Write every line below out again, exactly as given, but leave out the pictures.
_ _ _ _ _ _ _
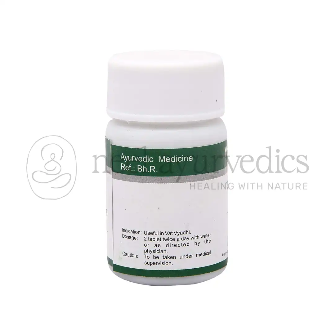 Dhanvantari Yograj Guggulu is widely used in the Ayurvedic treatment for various types of arthritis, It increases digestion power, complexion, strength and immunity. It is mainly helpful in Vata imbalance diseases affecting bone, joints and bone marrow.
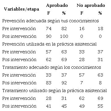 Los conocimientos de prevención fueron mejor asimilados que los de tratamiento, ya que los profesionales de enfermería poseen un dominio sobre promoción de la salud y protección específica. La intervención demostró que los participantes pasaron de 69% a 80%; con relación a esta variable, Gunninber reportó 59.3%20.
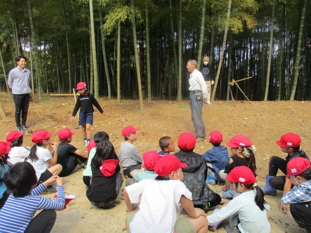 朝、雨が降っていたので心配していたのですが、みんなで行くことができました。土の中から顔を出すたけのこをたくさん見つけ、友だちと協力して掘り進める姿が見られ、子どもたちは自然の中で貴重な体験をすることができました。また、活動にあたっては洛西中央緑地管理組合の皆様にご協力いただき、たけのこの掘り方や自然との関わりについて丁寧に教えていただきました。地域の方々に支えられながら、季節を感じる学習の機会となりました。
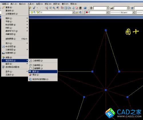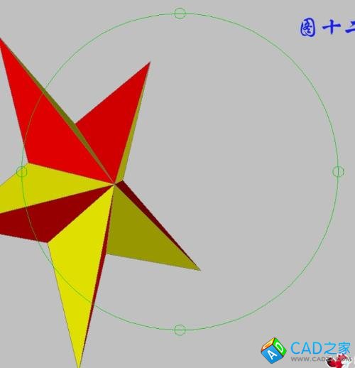 10、把五星各角左半部分設(shè)置為紅色右半部分設(shè)置為黃色,按圖十選擇視覺樣式為“真實(shí)”
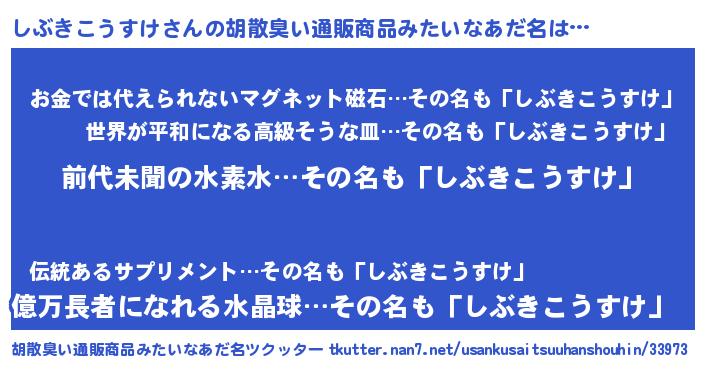 | ヘコむあだ名 | 『しぶきこうすけ(遠い目)』『しぶふぇ~』 |
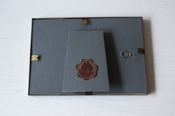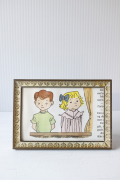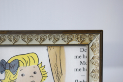 デンマークのアンティークショップで見つけたフォトフレームです。中にはアンティークの刺繍やレース、また写真や古い絵本の切抜きを入れても素敵なインテリアとしてお使いいただけるでしょう。掲載写真には古い絵本の切り抜きが入っています。
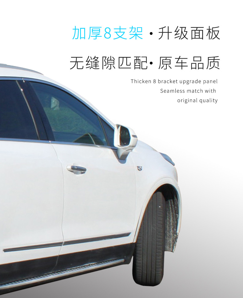 Upgrade your SUV with durable aluminum running boards compatible with Cadillac XT4, XT5, and XT6. Enhance accessibility and side protection with easy installation.
_ _ _ _ _ _ _
* Result of the exercise:
 Dhanvantari Yograj Guggulu is widely used in the Ayurvedic treatment for various types of arthritis, It increases digestion power, complexion, strength and immunity. It is mainly helpful in Vata imbalance diseases affecting bone, joints and bone marrow.
 Los conocimientos de prevención fueron mejor asimilados que los de tratamiento, ya que los profesionales de enfermería poseen un dominio sobre promoción de la salud y protección específica. La intervención demostró que los participantes pasaron de 69% a 80%; con relación a esta variable, Gunninber reportó 59.3%20.
 朝、雨が降っていたので心配していたのですが、みんなで行くことができました。土の中から顔を出すたけのこをたくさん見つけ、友だちと協力して掘り進める姿が見られ、子どもたちは自然の中で貴重な体験をすることができました。また、活動にあたっては洛西中央緑地管理組合の皆様にご協力いただき、たけのこの掘り方や自然との関わりについて丁寧に教えていただきました。地域の方々に支えられながら、季節を感じる学習の機会となりました。
 10、把五星各角左半部分設(shè)置為紅色右半部分設(shè)置為黃色,按圖十選擇視覺樣式為“真實(shí)”
 | ヘコむあだ名 | 『しぶきこうすけ(遠い目)』『しぶふぇ~』 |
 デンマークのアンティークショップで見つけたフォトフレームです。中にはアンティークの刺繍やレース、また写真や古い絵本の切抜きを入れても素敵なインテリアとしてお使いいただけるでしょう。掲載写真には古い絵本の切り抜きが入っています。
 Upgrade your SUV with durable aluminum running boards compatible with Cadillac XT4, XT5, and XT6. Enhance accessibility and side protection with easy installation.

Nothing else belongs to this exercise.